At build time, `find_approx` in `MphfLayer`:
```rust
let slot = self.mphf.index(&kmer.raw());
if fingerprint.matches(slot, kmer.seq_hash()) { Some(slot) } else { None }
```
---
## `EvidenceKind` and metadata
`layer_meta.json` records which evidence bundle is present:
```rust
pub enum EvidenceKind {
Exact,
Approx { b: u8, z: u8 },
}
```
`MphfLayer::open` reads this tag and dispatches `find` to `find_exact` or
`find_approx` transparently. `find_exact` panics on an approximate layer;
`find_approx` panics on an exact layer — mode mixing is a programming error.
---
## Parameter resolution (`resolve_approx_params`)
The identity `b·z = ⌈−log₂(fp)⌉` lets any two of (b, z, fp) derive the third.
`resolve_approx_params` implements a 2-of-3 rule with conservative ceiling
rounding:
| given | derived |
|---|---|
| b, z | fp = 1/2^(b·z) |
| z, fp | b = ⌈−log₂(fp) / z⌉ |
| b, fp | z = ⌈−log₂(fp) / b⌉ |
| z only | b = 8 (default), fp derived |
| b only | z = 1 (default), fp derived |
| fp only | b = 8 (default), z derived |
| none | b = 8, z = 1, fp = 1/256 |
When all three are given, b and z are authoritative and fp is recomputed.
---
## CLI flags
Both `index` and `reindex` accept the same flags:
| flag | type | meaning |
|---|---|---|
| `--approx` | bool | enable fingerprint evidence |
| `--evidence-bits` (`b`) | u8 | fingerprint bits per slot |
| `-z` | u8 | Findere z parameter |
| `--fp` | f64 | target FP rate per z-window |
| `--block-size` | usize | unitig block size for exact `.idx`; ignored in approx mode |
`--approx` must be set explicitly; the other three flags are optional and
resolved by the 2-of-3 rule. Omitting all three produces b=8, z=1.
---
## `reindex` command
`reindex` converts an existing index between exact and approximate evidence
in-place across all partitions and layers, running partitions in parallel via
Rayon.
Conversion to approximate (`--approx`):
- Builds `fingerprint.bin` from `unitigs.bin` + `mphf.bin`.

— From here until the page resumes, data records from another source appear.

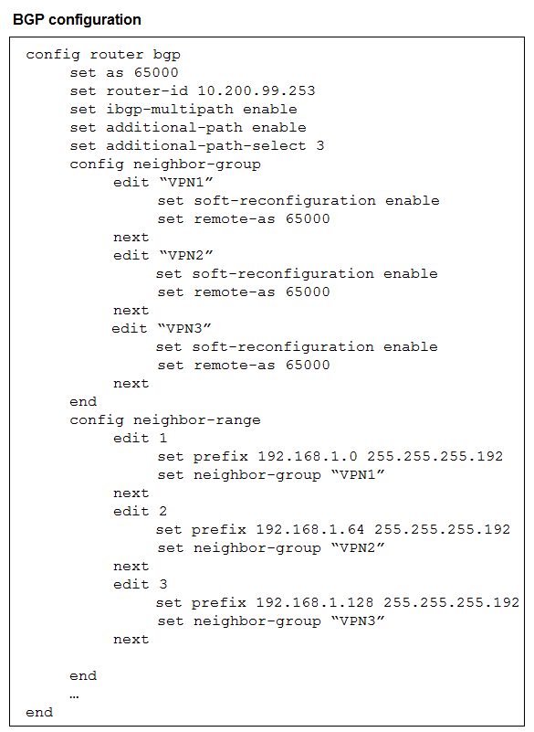 The exhibit shows the BGP configuration on the hub in a hub-and-spoke topology. The administrator wants BGP to advertise prefixes from spokes to other spokes over the IPsec overlays, including additional paths. However, when looking at the spoke routing table, the administrator does not see the prefixes from other spokes and the additional paths
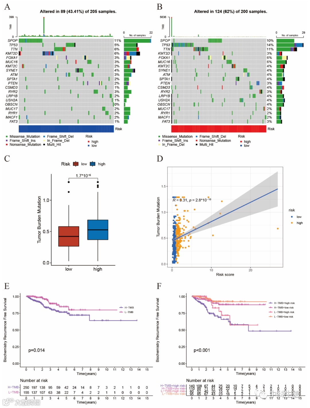 评分都明显低于低危组,这表明低危组患者可以从免疫治疗中获益更多。使用
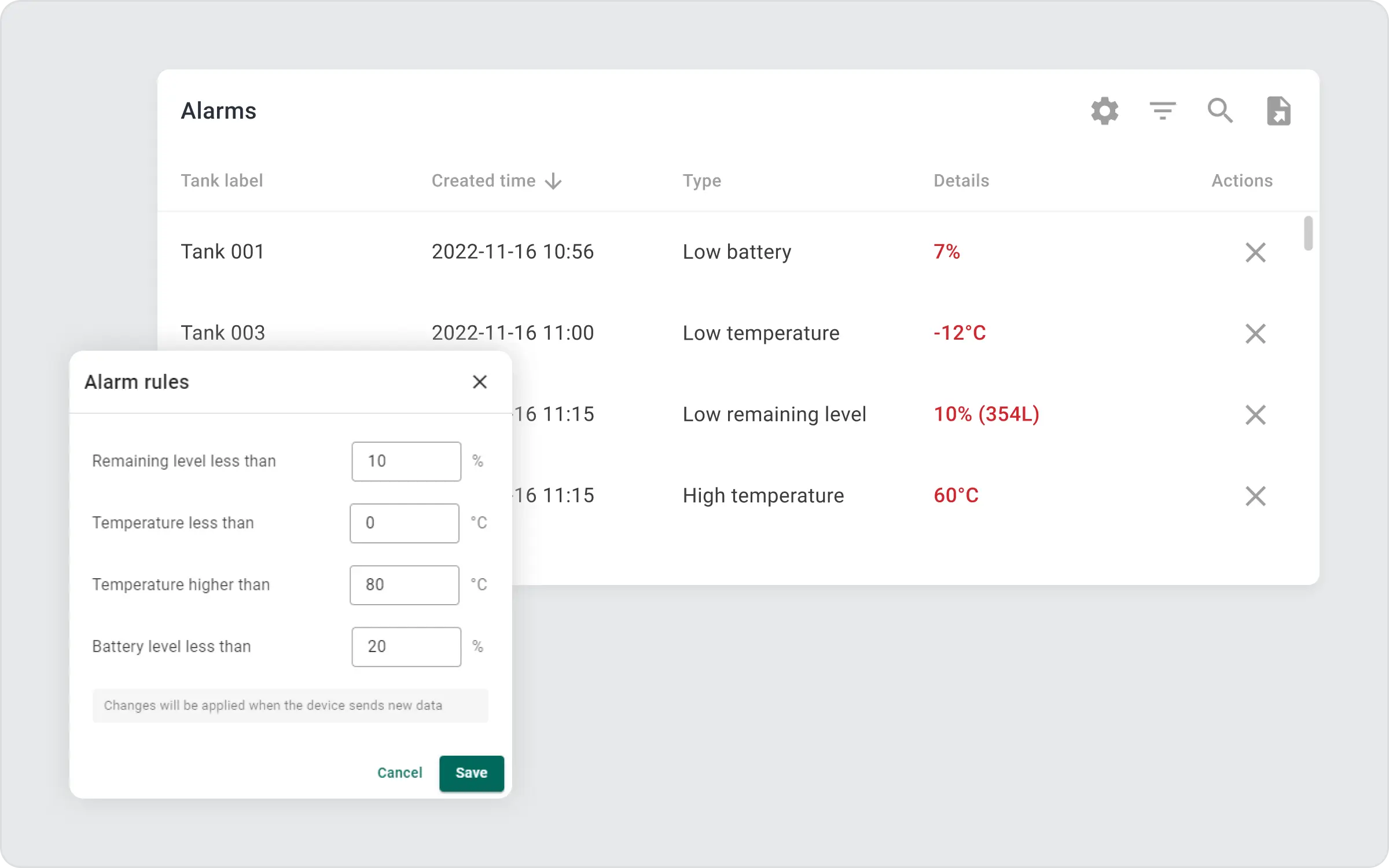 该平台还允许根据需求和偏好定制警报——它可以通知温度、压力的变化或储罐中的任何其他变化。

- Removes `evidence.bin` and `unitigs.bin.idx`.
- Updates `layer_meta.json` with `EvidenceKind::Approx { b, z }`.
Conversion to exact (default, no `--approx`):
- Builds `evidence.bin` + `unitigs.bin.idx` from `unitigs.bin` + `mphf.bin`.
- Removes `fingerprint.bin`.
- Updates `layer_meta.json` with `EvidenceKind::Exact`.

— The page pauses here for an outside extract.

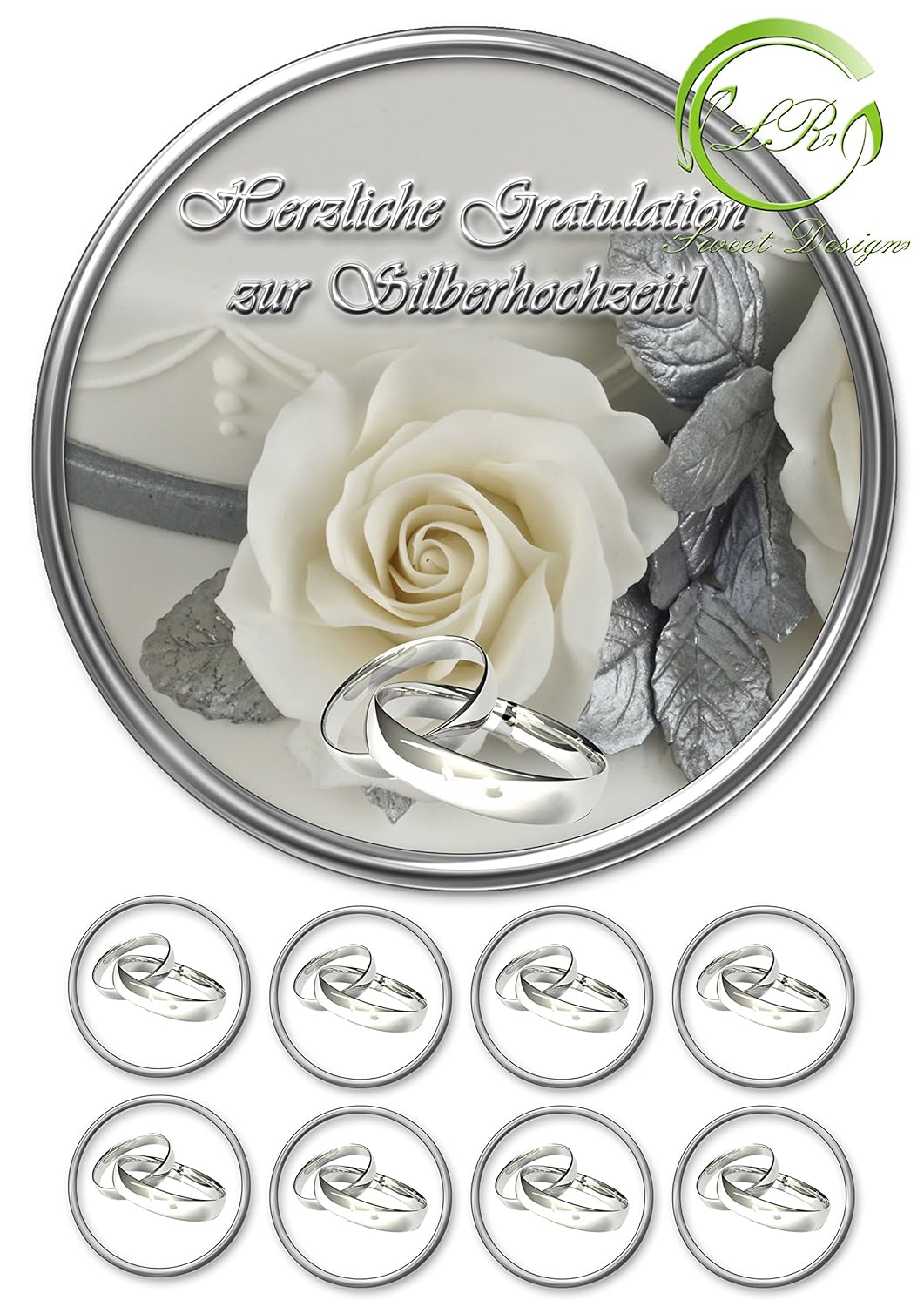 Der Tortenaufleger “Silberhochzeit!” ist die perfekte Wahl, um Ihre Torte für den 25. Hochzeitstag oder andere festliche Anlässe stilvoll zu dekorieren. Hergestellt aus hochwertigem Zuckerpapier, zeigt dieses essbare Dekor elegante und thematische Motive, die perfekt zur Feier einer Silberhochzeit passen. Es verleiht Ihrer Feier eine edle und persönliche Note.

The root `index.meta` is updated with the new evidence kind on success.
`mphf.bin` and `unitigs.bin` are never modified.
---
## `estimate` command
`estimate` is a dry-run that resolves and prints (b, z, fp) without touching
any index. It accepts the same `--evidence-bits`, `-z`, and `--fp` flags and
additionally accepts `-k` to display the effective indexed k-mer length:
```
k (user): 31
k (indexed, s=k-z+1): 27
z: 5
evidence bits (b): 8
FP per s-mer: 3.906e-3 (1/2^8)
FP per k-mer window: 9.537e-7 (1/2^(8·5))
```
Useful for choosing parameters before committing to an index build.